Berliner Fenster

Publié le par Gabo

Prix spécial du jury pour le projet "Berliner Fenster", réalisé dans le cadre du concours 2007 du DAAD. La thématique du concours se basait sur une cittation de Goethe :

»Nothing can be compared with the new
life that the discovery of a new country
gives to a thoughtful mind. Although I am
still the same person, I feel that I am in
fact changed to the core.«

Berliner Fenster

envoyé par dubitatif

In this, the City of Juxtaposition, I am not pointing out another. Instead I am offering a method, a mental map, a way to document my experience in the city, and I hope it is one that will lead to a better understanding of Berlin. The key to successful and sustainable urban environments is positive social interaction. The more that people are observant and critical of their surroundings the more they will have to add when these interactions take place.

The film makes use of its inherent format, that of the moving picture, to reinforce the idea that windows are typically viewed from a moving
perspective. By shifting the emphasis away from the goal of getting somewhere and re-focusing this moving gaze instead on the idea of "the window", I am simply utilizing the existing method of perception to come to a different understanding.
Similarly, the still photographs of the walls echo the moment's pause that is required to look at an advertisement, or to notice that the wall is in fact a blank "façade". By extending this moment I hope to provide a fuller understanding of how and what these walls are and do.

The short captions of text provide insight into my thought process as I were gathering footage, exploring the city, and locating moments of pause. The project is meant to provide a frame of reference for my relationship with the city over the past 6 months. It is in many ways abstract, yet the subject's familiarity and precise method of description make the project at the same time quite concrete.
The goal of the project is to spark critical discussion through examining seemingly banal pieces of daily life.


Berliner Fenster_

Berlin is a city in a rare state of exposure. Its fabric has been chopped and cut by countless idealists, planners, politicians, engineers and architects. The results are stunning. Little is left of the typical homogeneity so rigorously produced in other European capital cities towards the end of monarchic period. Disfigured and eclectic, Berlin yields itself to its inhabitants through a complex intertwining of rational order, perceptual chaos and traditional values.
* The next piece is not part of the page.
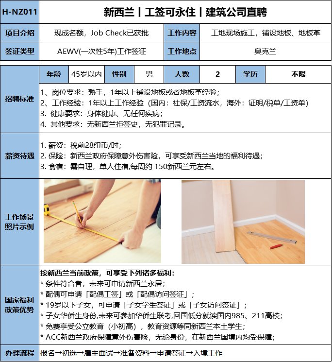 要求會熟練完成建筑木工工作,工作態度勤懇,服從指揮,稅前27.76新西蘭元/小時

"Windows today go very much unnoticed."

As people move through the city the constant repetition and regularity of the windows on the facades of the buildings does little to engage the imagination. These patterns of transparency are little more than a backdrop against which people go about their business. Glass, especially since glass construction became prevalent during the Industrial Revolution, has provided the visibility
and isolation required for remote voyeuristic viewing. Windows are a one way street. When a person is inside and looking out through a window they feel protected, as though they are watching the world outside go by with out the slightest worry that they can be seen. It is a private experience, a comfortable indulgence into the world of spectating.

A similar experience occurs on the street. It is common polite practice to respect other people's ?right"  to personal silence in public places. One such place is the street. They put on headphones as a layer of armor and retract into fortified ?public" versions of themselves. The single vulnerability is one of visibility. People know that they can be seen and take pleasure in the watching of others.
It is quite ironic then, that people pay little or no attention to windows.

The windowed façade is a vital piece of the city. It should be celebrated, noticed, cherished and interacted with, not relegated to the realm of the ignored. By noticing the subtle differences between windows, looking at their shapes and colors, paying attention to how each reflects and captures light, even noting their physical orientation are all small observations that if made can add much
to an inhabitant's awareness of his or her surroundings.
The Renaissance held the human body to be the ultimate expression of beauty. The proportions of the body were religiously articulated into the form and detailing of buildings as if through this personification the building would be literally imbued with life. The facades were the buildings' faces and the windows the observant eyes.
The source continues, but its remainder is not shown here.